WHAT THE TASK REQUIRES =>
Restate the data exactly as given and keep the pictures out.

[Opening MATERIAL PROVIDED section]

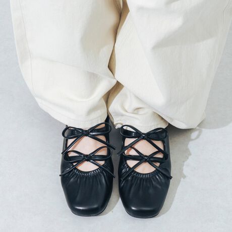 クシュっとしたギャザーデザインに華奢なリボンをアクセントに加えたウェッジミュール!柔らかくソフトな素材と軽量ソールを採用し、足当たりの良さと軽やかな履き心地にこだわり仕上げました。甲部分のダブルベルトが足をしっかり包み込み、ミュールタイプでもホールド感バッチリ◎約4.5cmのウェッジソールは足裏全体を支えてくれるので、長時間のお出かけでも安定感があり疲れにくいのも魅力の1つです。ワンピースやスカート合わせはもちろん、デニムやワイドパンツと合わせて大人カジュアルな雰囲気で履くのもおすすめ!コーディネートを格上げしてくれるリボンデザインは1足持っておきたいマストアイテムです。
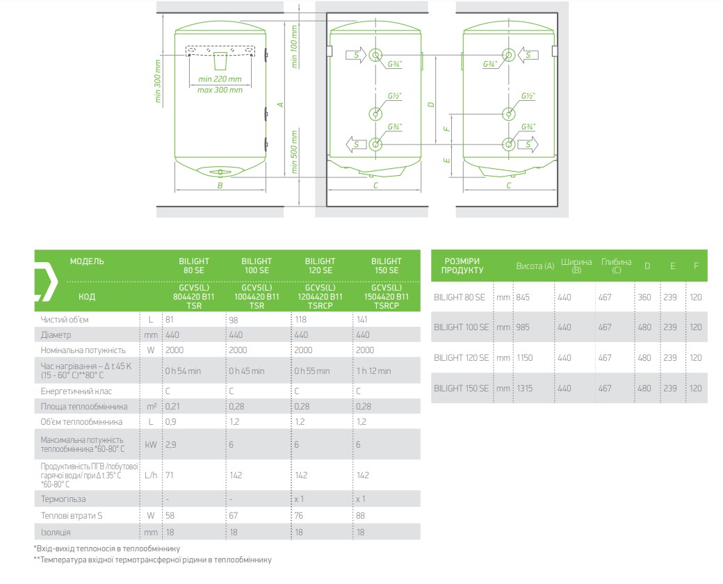 Технічні характеристики: Комбінований бойлер Tesy (Теси) BILIGHT вертикальний 80 л. - GCVSL 804420 B11 TSR
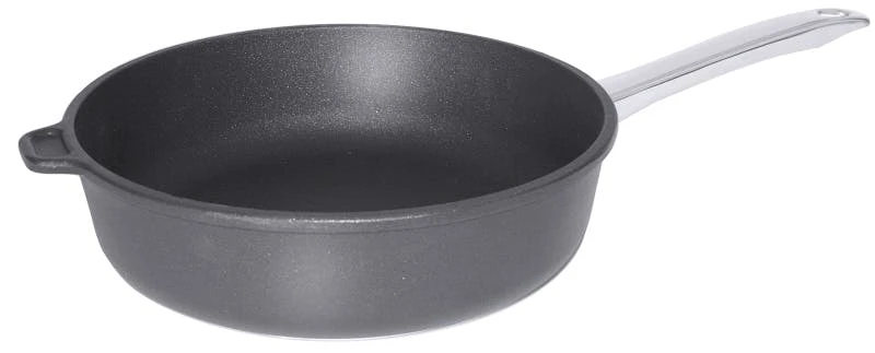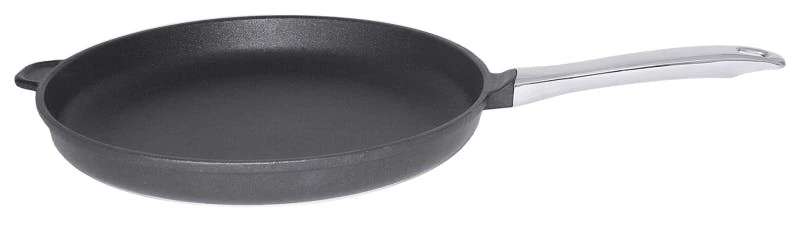 Bratpfanne, flache Form, aus handgegossenem Aluminium-Kokillenguss, Antihaftbeschichtung aus Titan-Aluminiumoxyd-Plasma, backofenfest bis +250°C, mit Stiel aus Edelstahl 18/10, nicht induktionsgeeignet, hochwertiges Qualitätsprodukt

[Closing MATERIAL PROVIDED section]

TASK RESULT =>
 クシュっとしたギャザーデザインに華奢なリボンをアクセントに加えたウェッジミュール!柔らかくソフトな素材と軽量ソールを採用し、足当たりの良さと軽やかな履き心地にこだわり仕上げました。甲部分のダブルベルトが足をしっかり包み込み、ミュールタイプでもホールド感バッチリ◎約4.5cmのウェッジソールは足裏全体を支えてくれるので、長時間のお出かけでも安定感があり疲れにくいのも魅力の1つです。ワンピースやスカート合わせはもちろん、デニムやワイドパンツと合わせて大人カジュアルな雰囲気で履くのもおすすめ!コーディネートを格上げしてくれるリボンデザインは1足持っておきたいマストアイテムです。
 Технічні характеристики: Комбінований бойлер Tesy (Теси) BILIGHT вертикальний 80 л. - GCVSL 804420 B11 TSR
 Bratpfanne, flache Form, aus handgegossenem Aluminium-Kokillenguss, Antihaftbeschichtung aus Titan-Aluminiumoxyd-Plasma, backofenfest bis +250°C, mit Stiel aus Edelstahl 18/10, nicht induktionsgeeignet, hochwertiges Qualitätsprodukt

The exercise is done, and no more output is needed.